Extracted records
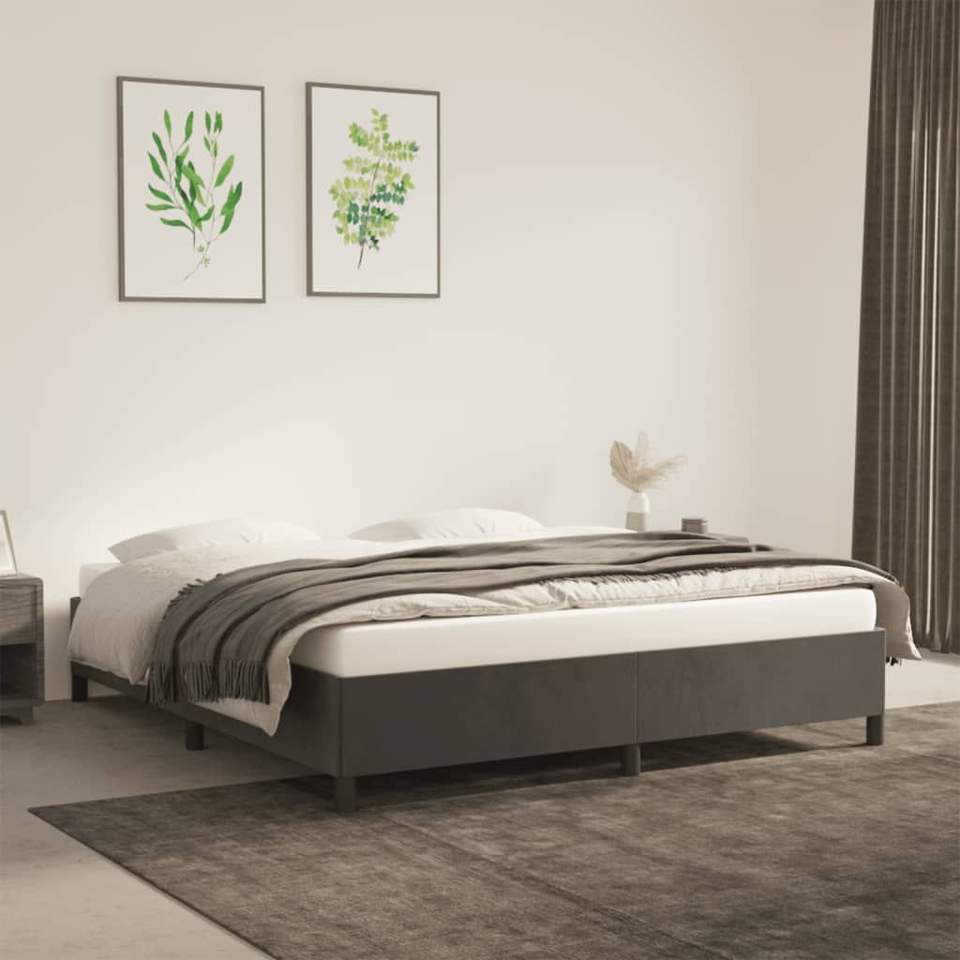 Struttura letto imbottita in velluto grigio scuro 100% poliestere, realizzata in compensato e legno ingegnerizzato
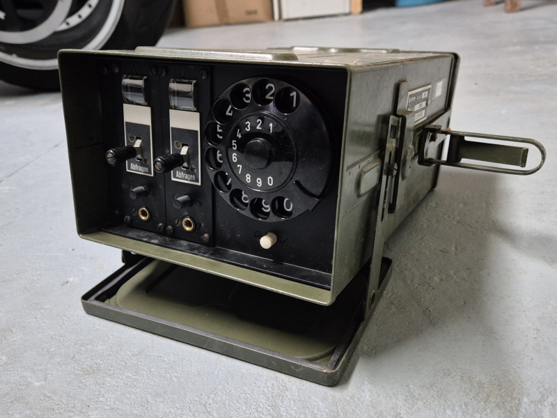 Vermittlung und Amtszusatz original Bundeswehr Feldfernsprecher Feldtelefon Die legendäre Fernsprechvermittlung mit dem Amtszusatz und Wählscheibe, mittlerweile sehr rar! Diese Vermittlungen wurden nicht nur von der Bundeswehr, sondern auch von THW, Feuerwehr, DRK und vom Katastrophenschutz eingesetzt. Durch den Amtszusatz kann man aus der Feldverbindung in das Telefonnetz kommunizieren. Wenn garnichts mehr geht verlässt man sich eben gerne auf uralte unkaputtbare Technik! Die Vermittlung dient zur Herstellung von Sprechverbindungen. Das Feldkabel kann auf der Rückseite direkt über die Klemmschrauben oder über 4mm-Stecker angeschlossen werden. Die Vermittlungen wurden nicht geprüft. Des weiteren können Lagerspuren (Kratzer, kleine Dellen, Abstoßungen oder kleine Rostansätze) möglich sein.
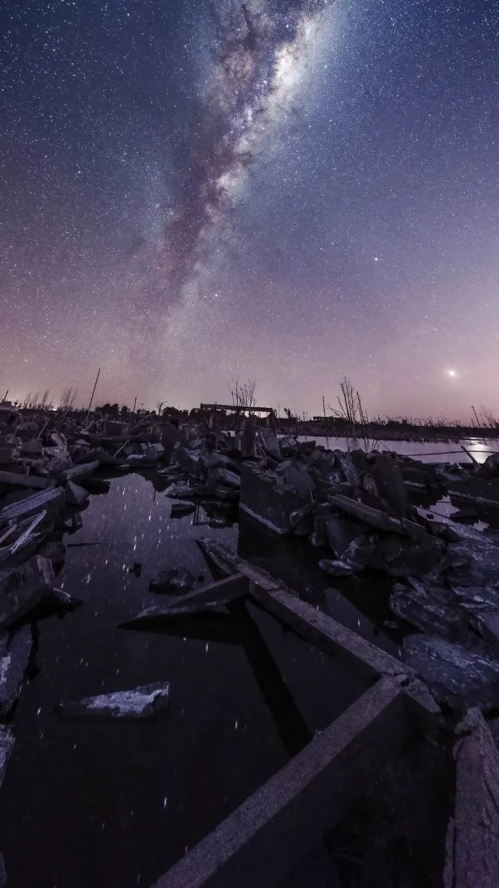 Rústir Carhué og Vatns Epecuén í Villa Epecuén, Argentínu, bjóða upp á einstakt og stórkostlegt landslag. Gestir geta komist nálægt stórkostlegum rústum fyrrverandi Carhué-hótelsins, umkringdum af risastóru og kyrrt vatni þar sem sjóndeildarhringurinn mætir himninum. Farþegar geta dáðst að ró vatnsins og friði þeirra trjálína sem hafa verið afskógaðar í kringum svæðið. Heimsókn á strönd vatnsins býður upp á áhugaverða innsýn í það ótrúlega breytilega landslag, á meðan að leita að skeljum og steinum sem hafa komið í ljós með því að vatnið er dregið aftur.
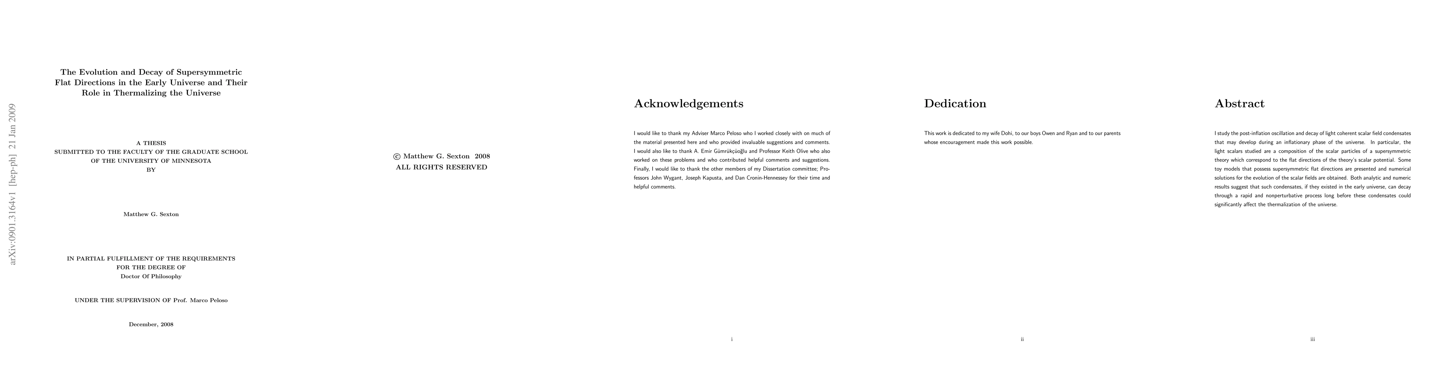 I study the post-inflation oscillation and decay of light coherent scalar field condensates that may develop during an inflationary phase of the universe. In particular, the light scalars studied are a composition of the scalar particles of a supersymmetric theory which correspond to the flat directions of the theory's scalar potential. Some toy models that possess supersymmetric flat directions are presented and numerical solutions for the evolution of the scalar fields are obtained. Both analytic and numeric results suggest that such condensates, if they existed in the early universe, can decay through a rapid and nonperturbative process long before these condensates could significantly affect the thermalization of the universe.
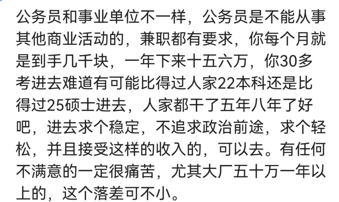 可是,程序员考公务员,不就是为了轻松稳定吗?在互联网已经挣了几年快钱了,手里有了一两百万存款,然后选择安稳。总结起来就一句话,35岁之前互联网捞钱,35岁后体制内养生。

● **Task directions**: Every entry must be transcribed exactly. Pictures do not belong in the copy.

● **Expected answer**:
 Struttura letto imbottita in velluto grigio scuro 100% poliestere, realizzata in compensato e legno ingegnerizzato
 Vermittlung und Amtszusatz original Bundeswehr Feldfernsprecher Feldtelefon Die legendäre Fernsprechvermittlung mit dem Amtszusatz und Wählscheibe, mittlerweile sehr rar! Diese Vermittlungen wurden nicht nur von der Bundeswehr, sondern auch von THW, Feuerwehr, DRK und vom Katastrophenschutz eingesetzt. Durch den Amtszusatz kann man aus der Feldverbindung in das Telefonnetz kommunizieren. Wenn garnichts mehr geht verlässt man sich eben gerne auf uralte unkaputtbare Technik! Die Vermittlung dient zur Herstellung von Sprechverbindungen. Das Feldkabel kann auf der Rückseite direkt über die Klemmschrauben oder über 4mm-Stecker angeschlossen werden. Die Vermittlungen wurden nicht geprüft. Des weiteren können Lagerspuren (Kratzer, kleine Dellen, Abstoßungen oder kleine Rostansätze) möglich sein.
 Rústir Carhué og Vatns Epecuén í Villa Epecuén, Argentínu, bjóða upp á einstakt og stórkostlegt landslag. Gestir geta komist nálægt stórkostlegum rústum fyrrverandi Carhué-hótelsins, umkringdum af risastóru og kyrrt vatni þar sem sjóndeildarhringurinn mætir himninum. Farþegar geta dáðst að ró vatnsins og friði þeirra trjálína sem hafa verið afskógaðar í kringum svæðið. Heimsókn á strönd vatnsins býður upp á áhugaverða innsýn í það ótrúlega breytilega landslag, á meðan að leita að skeljum og steinum sem hafa komið í ljós með því að vatnið er dregið aftur.
 I study the post-inflation oscillation and decay of light coherent scalar field condensates that may develop during an inflationary phase of the universe. In particular, the light scalars studied are a composition of the scalar particles of a supersymmetric theory which correspond to the flat directions of the theory's scalar potential. Some toy models that possess supersymmetric flat directions are presented and numerical solutions for the evolution of the scalar fields are obtained. Both analytic and numeric results suggest that such condensates, if they existed in the early universe, can decay through a rapid and nonperturbative process long before these condensates could significantly affect the thermalization of the universe.
 可是,程序员考公务员,不就是为了轻松稳定吗?在互联网已经挣了几年快钱了,手里有了一两百万存款,然后选择安稳。总结起来就一句话,35岁之前互联网捞钱,35岁后体制内养生。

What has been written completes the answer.